Welcome to Video Game Theme Week: Let’s Attack Aggressively!

As the collective domain of manchildren, Japanese cartoons and videogames have been working in tandem for years. From animated adaptations of 80’s classics like Salamander to Studio 4C’s work on Street Fighter IV, Japanese animation studios have never been averse to taking the game industry’s finest work and adapting it into middling-to-poor products for some quick cash.

As scholars and enthusiasts in both fields, we here at Colony Drop have taken it upon ourselves to venture into this vast, dessicated land and see what we can see. It won’t be easy: video game Japanimation has a well-deserved reputation in the fandom for being some of the worst, most phoned-in crap around. But we’ve covered wars— Psychic Wars— and if some bad cartoons could get us down, we’d just shut down the site every time a new anime season started.

Stand with us, dear reader, and fight. The boss rush starts tomorrow. Be praying. Be praying. Be praying.


  1. Please mention Ys. It wasn’t very good, but I do have fond memories of Adol actually choking a monster to death, Metal Gear-style. Pretty good for an adaptation of a game where you run into monsters to attack.

    I also thought the part where a girl was kidnapped by monsters, and Adol singlehandedly went into their lair and killed all of them was very true to the way video games work.

  2. Am eagerly awaiting some Tekken: the Motion Picture. “No son of mine will be this weak!”

  3. “Japanese animation studios have never been averse to taking the game industry’s finest work and adapting it into middling-to-poor products for some quick cash.”

    Though at least they don’t have a Chun-Li on their hands. That flick makes the Toshinden anime faithful in comparison.

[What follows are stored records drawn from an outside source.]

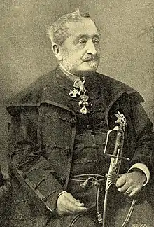 László Szőgyény-Marich de Magyar-Szőgyén et Szolgaegyháza (2 January 1806 – 19 November 1893) was a Hungarian politician, who served as Speaker of the House of Magnates between 1883 and 1884. He also functioned as Imperial and Royal Chamberlain, Privy Councillor, Knight of the Golden Fleece, board member of the Hungarian Academy of Sciences, Master of the Treasury (1884–1888) and Lord Chief Justice (1888–1893).
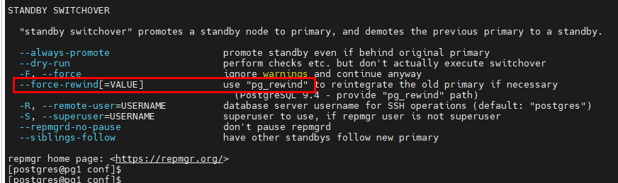 [postgres@pgdb01:/postgresql/log]$repmgr -f /postgresql/pg12/repmgr.conf standby switchover --siblings-follow --force-rewind
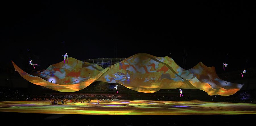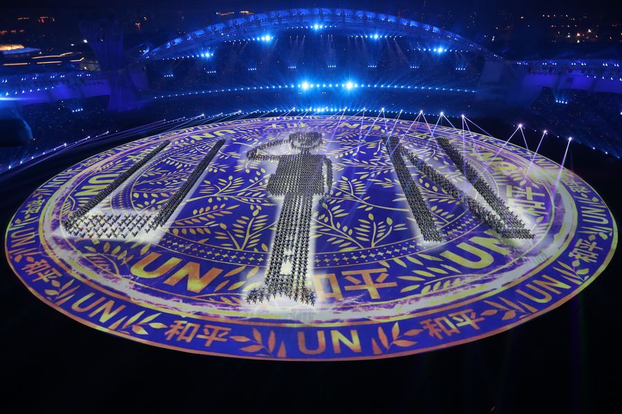 Photo taken on Oct. 18, 2019 shows the art performance during the opening ceremony of the 7th CISM Military World Games in Wuhan, capital of central China's Hubei Province. (Xinhua/Liu Xu)

  4. Sounds like fun…will be waiting to see what gets covered.

    True, there have been many video game to anime shows that have been God-awful, but there are a few diamonds in the rough–GUNGRAVE was definitely one of the best, and I even liked THE MARS DAYBREAK and the TSUKIHIME anime.

    But that’s just me.

  5. It has its detractors but I maintain that .hack//Sign was a pretty good anime. Great music, consistent atmosphere, some neat narrative devices going on, and with likeable characters just about outweighing annoying ones.

    Final Fantasy VII: Last Order is an entirely competent adaptation of one of the more dramatic elements of the game’s back-story. Infinitely better than the dreary Advent Children anyway.

    Also, let’s not forget that Serial Experiments: Lain, the best anime series ever made, was adapted from a Playstation game.

  6. I like Lain a lot too. I think, though, that it was a “multimedia project” (man, that sounds so 1998), so the anime series and the game were conceived at the same time.

  7. Wikipedia’s telling me that the Lain videogame was released after the series was finished airing. For what it’s worth!

  8. Released afterwards but developed concurrently. The idea and story for the game came first though. As Matt says, it would perhaps be stretching it to call either an adaptation of the other given the narrow timeframe in which they were developed.

  9. I think Lain was one of those mixed media releases like the .hack franchise, where it was planned as an anime and game from the start. Pretty certain Pioneer representatives mentioned both back when they were at a UK convention before its airing, and certainly both were hyped relentlessly in the Japanese magazines at the time.

  10. I might be preventing this from happening by just preemptively suggesting the idea, perhaps, but it would be interesting to bring up either of the two Dragon Quest (or Dragon Warrior if you prefer) anime series, particularly the first one and its rather ill-fated localization attempt.